Analyzing noncoding variation associated with disease is a major application of Basenji. I now offer several tools to enable that analysis. If you have a small set of variants and know what datasets are most relevant, [basenji_sat_vcf.py](https://github.com/calico/basenji/blob/master/bin/basenji_sat_vcf.py) lets you perform a saturation mutagenesis of the variant and surrounding region to see the relevant nearby motifs.

If you want scores measuring the influence of those variants on all datasets,
 * [basenji_sad.py](https://github.com/calico/basenji/blob/master/bin/basenji_sad.py) computes my SNP activity difference (SAD) score--the predicted change in aligned fragments to the region.
 * [basenji_sed.py](https://github.com/calico/basenji/blob/master/bin/basenji_sed.py) computes my SNP expression difference (SED) score--the predicted change in aligned fragments to gene TSS's.

Here, I'll demonstrate those two programs.
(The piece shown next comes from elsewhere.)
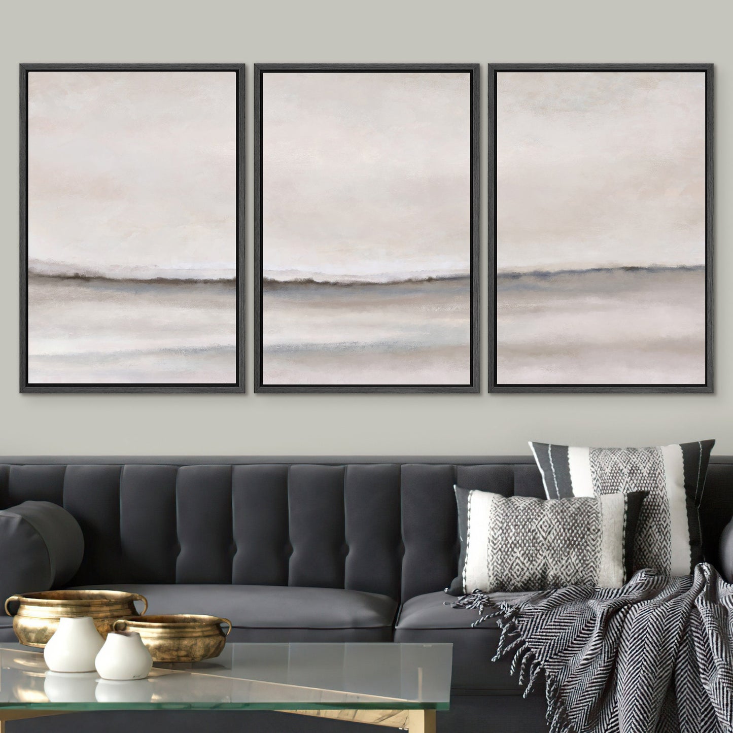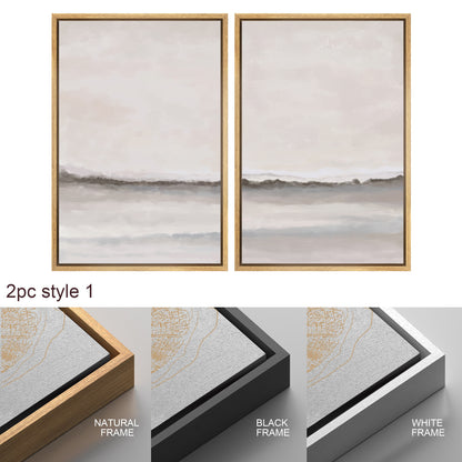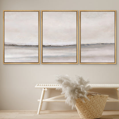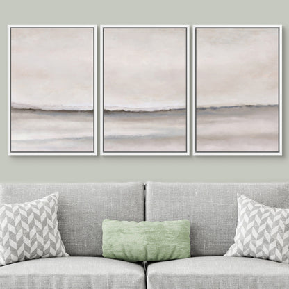 Framed Canvas Wall Art Set of 3 Brown Gray Abstract Prints Minimalist Modern Art Neutral Wall Decor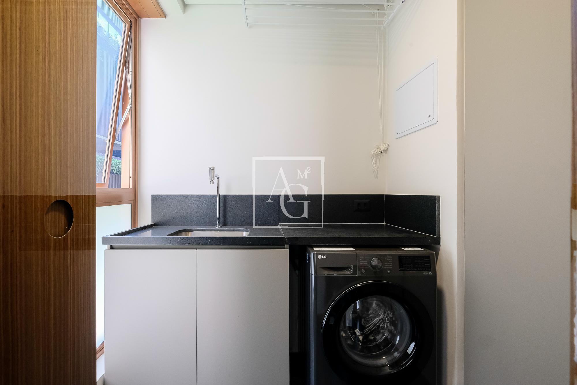 aberta, lavanderia, lavabo social, WC de serviço e 2 vagas

You'll need
 * Trained model
 * Input file (FASTA or HDF5 with test_in/test_out)

First, you can either train your own model in the [Train/test tutorial](https://github.com/calico/basenji/blob/master/tutorials/train_test.ipynb) or use one that I pre-trained from the models subdirectory.

As an example, we'll study a prostate cancer susceptibility allele of rs339331 that increases RFX6 expression by modulating HOXB13 chromatin binding (http://www.nature.com/ng/journal/v46/n2/full/ng.2862.html).

First, we'll use [basenji_sad.py](https://github.com/calico/basenji/blob/master/bin/basenji_sad.py) to predict across the region for each allele and compute stats about the mean and max differences.

The most relevant options are:

| Option/Argument | Value | Note |
|:---|:---|:---|
| -f | data/hg19.ml.fa | Genome fasta. |
| -g | data/human.hg19.genome | Genome assembly chromosome length to bound gene sequences. |
| -l | 262144 | Saturation mutagenesis region in the center of the given sequence(s) |
| -o | rfx6_sad | Outplot plot directory. |
| --rc | | Predict forward and reverse complement versions and average the results. |
| -t | data/gm12878_wigs.txt | Target labels. |
| params_file | models/params_med.txt | Table of parameters to setup the model architecture and optimization parameters. |
| model_file | models/gm12878.tf | Trained saved model prefix. |
| vcf_file | data/rs339331.vcf | VCF file specifying variants to score. |

In [8]:
! basenji_sad.py -f data/hg19.ml.fa -g data/human.hg19.genome -l 262144 -o rfx6_sad --rc -t data/gm12878_wigs.txt models/params_med.txt models/gm12878.tf data/rs339331.vcf

{'batch_buffer': 16384, 'loss': 'poisson', 'cnn_dense': [0, 0, 0, 0, 0, 0, 1, 1, 1, 1, 1, 1, 1, 0], 'adam_beta1': 0.97, 'cnn_dropout': [0.05, 0.05, 0.05, 0.05, 0.05, 0.05, 0.05, 0.05, 0.05, 0.05, 0.05, 0.05, 0.05, 0.1], 'cnn_dilation': [1, 1, 1, 1, 1, 1, 2, 4, 8, 16, 32, 64, 128, 1], 'adam_beta2': 0.98, 'link': 'softplus', 'target_pool': 128, 'cnn_filter_sizes': [22, 1, 6, 6, 6, 3, 3, 3, 3, 3, 3, 3, 3, 3], 'batch_renorm': 1, 'cnn_pool': [1, 2, 4, 4, 4, 1, 1, 1, 1, 1, 1, 1, 1, 1], 'cnn_filters': [196, 196, 235, 282, 338, 384, 64, 64, 64, 64, 64, 64, 64, 512], 'num_targets': 39, 'batch_size': 1, 'learning_rate': 0.002}
Targets pooled by 128 to length 2048
Convolution w/ 196 4x22 filters strided 1, dilated 1
Batch normalization
ReLU
Dropout w/ probability 0.050
Convolution w/ 196 196x1 filters strided 1, dilated 1
Batch normalization
ReLU
Max pool 2
Dropout w/ probability 0.050
Convolution w/ 235 196x6 filters strided 1, dilated 1
Batch normalization
ReLU
Max pool 4
Dropout w/ probability

rfx6_sad/sad_table.txt now contains a table describing the results.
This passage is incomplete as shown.